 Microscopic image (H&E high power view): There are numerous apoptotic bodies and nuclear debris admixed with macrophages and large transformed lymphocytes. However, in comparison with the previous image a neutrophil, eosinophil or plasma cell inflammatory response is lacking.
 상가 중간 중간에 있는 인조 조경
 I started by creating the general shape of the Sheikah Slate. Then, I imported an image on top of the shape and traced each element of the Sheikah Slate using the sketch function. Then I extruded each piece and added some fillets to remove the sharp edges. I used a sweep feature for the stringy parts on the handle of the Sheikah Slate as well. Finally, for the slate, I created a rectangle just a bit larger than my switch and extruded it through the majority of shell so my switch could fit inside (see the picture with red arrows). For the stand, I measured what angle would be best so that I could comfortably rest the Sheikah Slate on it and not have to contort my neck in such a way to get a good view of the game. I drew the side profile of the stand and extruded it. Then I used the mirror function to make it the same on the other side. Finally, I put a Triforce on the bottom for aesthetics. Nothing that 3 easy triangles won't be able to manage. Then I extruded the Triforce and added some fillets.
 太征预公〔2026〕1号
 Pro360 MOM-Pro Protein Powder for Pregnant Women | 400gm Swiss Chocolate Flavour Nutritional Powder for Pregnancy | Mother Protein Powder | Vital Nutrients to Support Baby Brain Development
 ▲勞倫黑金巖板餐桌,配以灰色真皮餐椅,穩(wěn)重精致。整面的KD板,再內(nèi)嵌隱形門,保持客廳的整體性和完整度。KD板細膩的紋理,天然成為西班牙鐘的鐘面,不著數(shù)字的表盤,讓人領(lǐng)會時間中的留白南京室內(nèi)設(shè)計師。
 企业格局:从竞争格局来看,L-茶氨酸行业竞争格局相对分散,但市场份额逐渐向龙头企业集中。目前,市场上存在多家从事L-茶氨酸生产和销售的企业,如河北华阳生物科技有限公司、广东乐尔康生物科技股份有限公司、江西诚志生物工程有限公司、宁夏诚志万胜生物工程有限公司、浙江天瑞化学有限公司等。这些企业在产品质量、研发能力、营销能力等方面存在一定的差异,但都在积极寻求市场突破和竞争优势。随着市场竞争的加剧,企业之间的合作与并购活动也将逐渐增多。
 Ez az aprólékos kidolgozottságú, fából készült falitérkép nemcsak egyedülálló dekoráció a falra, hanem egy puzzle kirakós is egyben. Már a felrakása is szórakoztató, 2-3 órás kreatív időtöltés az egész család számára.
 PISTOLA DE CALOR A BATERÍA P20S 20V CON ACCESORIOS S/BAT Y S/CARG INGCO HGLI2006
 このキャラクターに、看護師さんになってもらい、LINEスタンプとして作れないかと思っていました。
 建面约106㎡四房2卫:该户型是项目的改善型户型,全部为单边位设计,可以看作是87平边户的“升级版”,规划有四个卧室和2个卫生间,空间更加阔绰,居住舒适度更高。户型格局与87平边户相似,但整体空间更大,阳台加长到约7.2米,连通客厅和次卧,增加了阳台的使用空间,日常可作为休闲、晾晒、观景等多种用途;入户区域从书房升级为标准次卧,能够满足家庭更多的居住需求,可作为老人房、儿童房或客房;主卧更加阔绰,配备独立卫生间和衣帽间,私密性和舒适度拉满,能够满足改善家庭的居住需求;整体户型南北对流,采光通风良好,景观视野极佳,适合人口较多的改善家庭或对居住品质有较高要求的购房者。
---+---
- [Task]: Beginning with the opening line above, retype the records exactly through the line with "상가 중간 중간에 있는 인조 조경", both ends included.

- [Result]:
 Microscopic image (H&E high power view): There are numerous apoptotic bodies and nuclear debris admixed with macrophages and large transformed lymphocytes. However, in comparison with the previous image a neutrophil, eosinophil or plasma cell inflammatory response is lacking.
 상가 중간 중간에 있는 인조 조경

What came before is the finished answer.